Rahul Gandhi’s unambiguous advocacy of “one-man-one-post” appears to have convinced Ashok Gehlot that retaining the chief minister’s chair in Rajasthan should he become Congress president is impossible, smoothening the path from Jaipur to Delhi even as new contenders itch to join the fray.

Responding to a question about the “one-man-one-post” principle at a media conference in Kerala’s Ernakulam during the Bharat Jodo Yatra, Rahul said: “What we have decided at Udaipur is a commitment of the Congress party. I expect that commitment will be maintained.” It had been decided at the Udaipur Chintan Shivir in May this year that one person will hold only one post in the party.

Gehlot met Rahul at Ernakulam on Thursday and also walked in the Yatra.

A seasoned politician like Gehlot could have avoided this embarrassment by anticipating the mind of the high command but his dislike for Sachin Pilot, who could replace him as chief minister, forced him to take a position many think was unreasonable. Gehlot will now vacate the chief minister’s chair but insist a new leader should be chosen by the MLAs instead of thrusting a decision from the top.

Gehlot will have a say in the choice of his successor if he takes over the reins of the party, so it is difficult to predict the developments in Rajasthan.

Rahul has outlined a path for the next Congress president, saying the post carries greater responsibilities than those of an organisational head.

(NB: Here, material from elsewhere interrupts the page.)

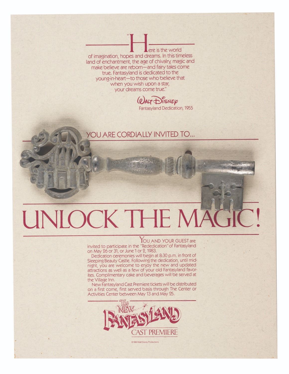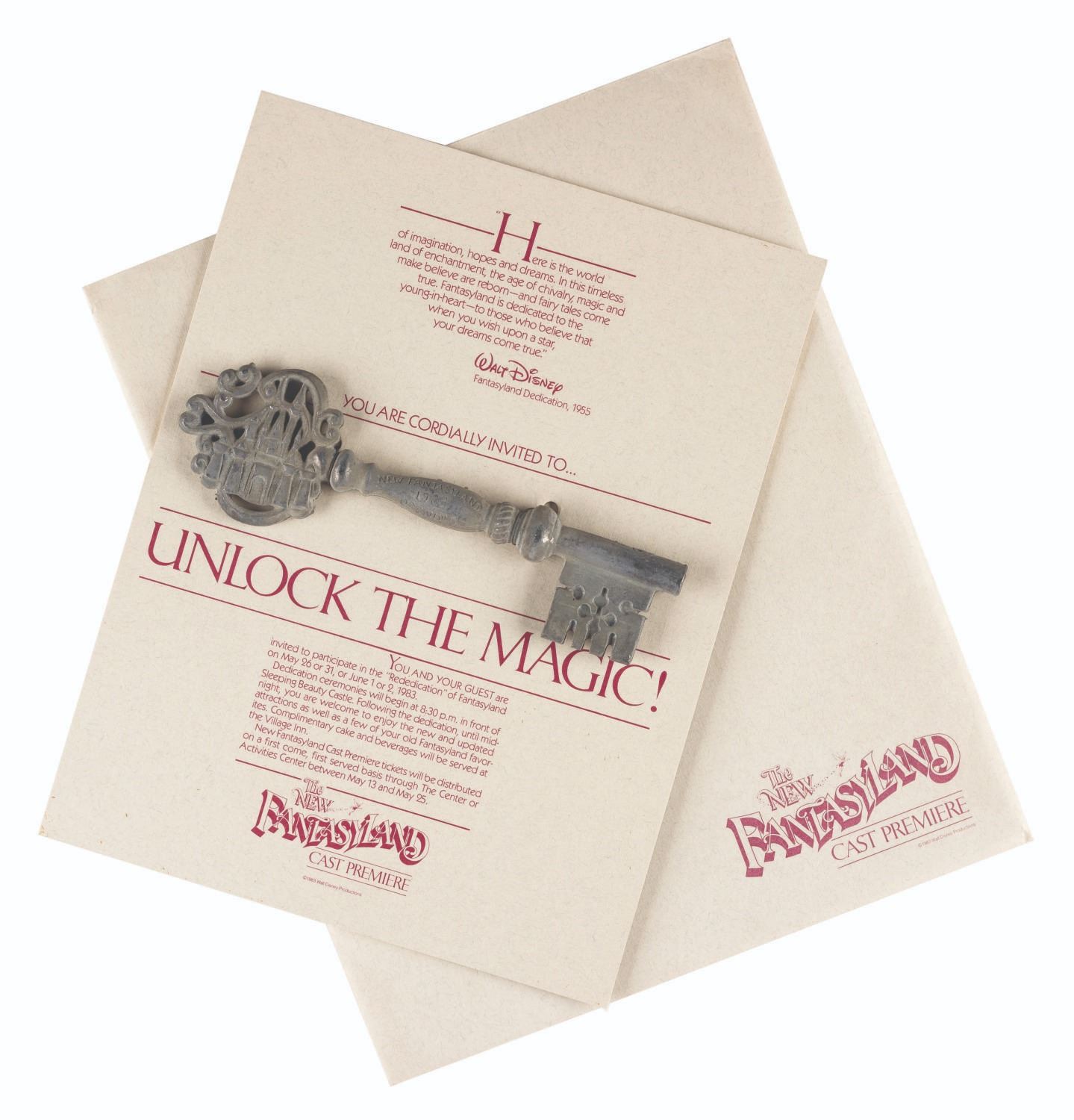 (Disneyland, 1983) A resin engraved key and invitation to the Cast Member premiere of New Fantasyland. The key, featuring a Sleeping Beauty Castle design, is still attached to the invitation and comes in its original envelope. The key measures 6.5” long and the invitation measures 7.25” x 9.5”, both in fine condition.

Asked about his advice to the new Congress president, Rahul said: “You are taking up a position, a historic position, that defines and has defined a particular view of India. The Congress president is not just an organisational post. The Congress president is an ideological post. It is a belief system. Whoever becomes the new president should remember he represents a set of ideas, he represents a belief system, a (particular) vision of India.”

Rahul got irritated by the intense grilling on the possibility of his contesting the election, arguing that he had made his position clear at the last media conference. He had only said at that media conference that the real picture would emerge on September 30, the last date for filing of nominations. After that, there have been enough indications of his determination to keep away from the organisational election and focus on the Bharat Jodo Yatra.

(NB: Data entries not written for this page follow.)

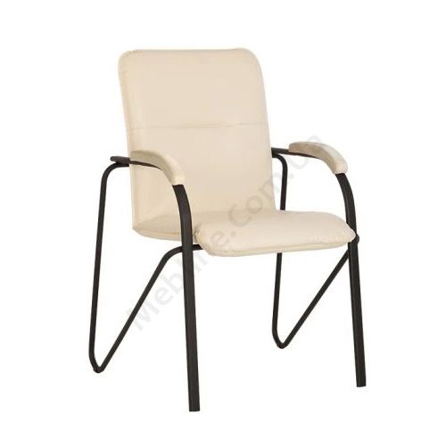 Крісло для конференцій в класичному стилі на чорній металевій базі з м’якими накладками на підлокітники.
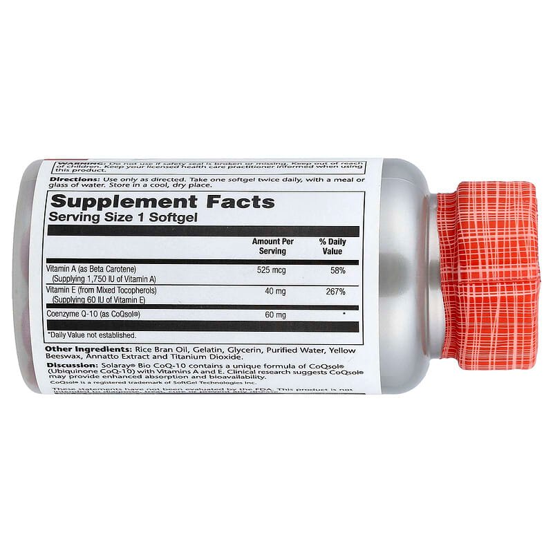 يحتوي Solaray® Bio CoQ-10 على تركيبة فريدة من CoQsol® (Ubiquinone CoQ-10) مع فيتامينات (أ) و (هـ). تشير الأبحاث السريرية إلى أن CoQsol® قد يوفر امتصاصًا معززًا وتوافرًا حيويًا.
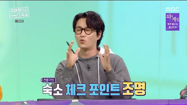 쉬멍팀 김지석은 배우 신다은 남편이자 '구해줘 홈즈'에서 활약 중인 임성빈 소장을 데려왔다. 임소장은 "숙소 체크 포인트는 조명"이라면서 전문가의 카리스마를 발산했다.

Both Sonia Gandhi and Rahul have given a firm message that they have nothing to do with the organisational election and anybody is free to contest and lead the party. This may be intended to demolish the allegation of dynastic control and hence there has been no apparent concern about several leaders preparing to file nominations. While Gehlot and Shashi Tharoor have demonstrated clear intent to join the fray, there is speculation about Digvijaya Singh, Prithiviraj Chavan and Manish Tewari as well.

Congress leaders, however, have presumed that it is going to be Gehlot versus Tharoor. The first indication of this came from party spokesperson Gourav Vallabh who openly came out in support of Gehlot while criticising Tharoor.

Vallabh said: “These tweets are not in the capacity of Congress spokesperson but as a party worker.”

In a series of tweets, Vallabh said: “Like crores of Congress workers, my wish is also to see Rahul Gandhi as Congress president…. On one hand, there is Ashok Gehlot, a grassroots worker who rose to become central minister three times, chief minister thrice, MP five terms, MLA five terms and has a spotless political career. He has defeated Modi-Shah in direct contest in Rajasthan.”

Vallabh added: “On the other hand, there is Shashi Tharoor whose sole contribution in the last eight years is to write letters to Sonia Gandhi when she was in hospital. This act pained crores of party workers like me. The choice is very simple and obvious.”

Asked how could he differentiate between his roles as party worker and spokesperson, Vallabh told The Telegraph: “Twitter is my personal space. I am a party worker who has views, and a human being. Our party is democratic and allows freedom to everybody unlike the BJP where one-and-a-half persons decide everything. I am entitled to my views. If I say I like a particular actor or a player, that doesn’t mean the Congress too likes them. I stand by my views on Tharoor as the G-23 act of sending the letter to Soniaji (about a perceived drift in the party) when she was in hospital left the entire Congress anguished.”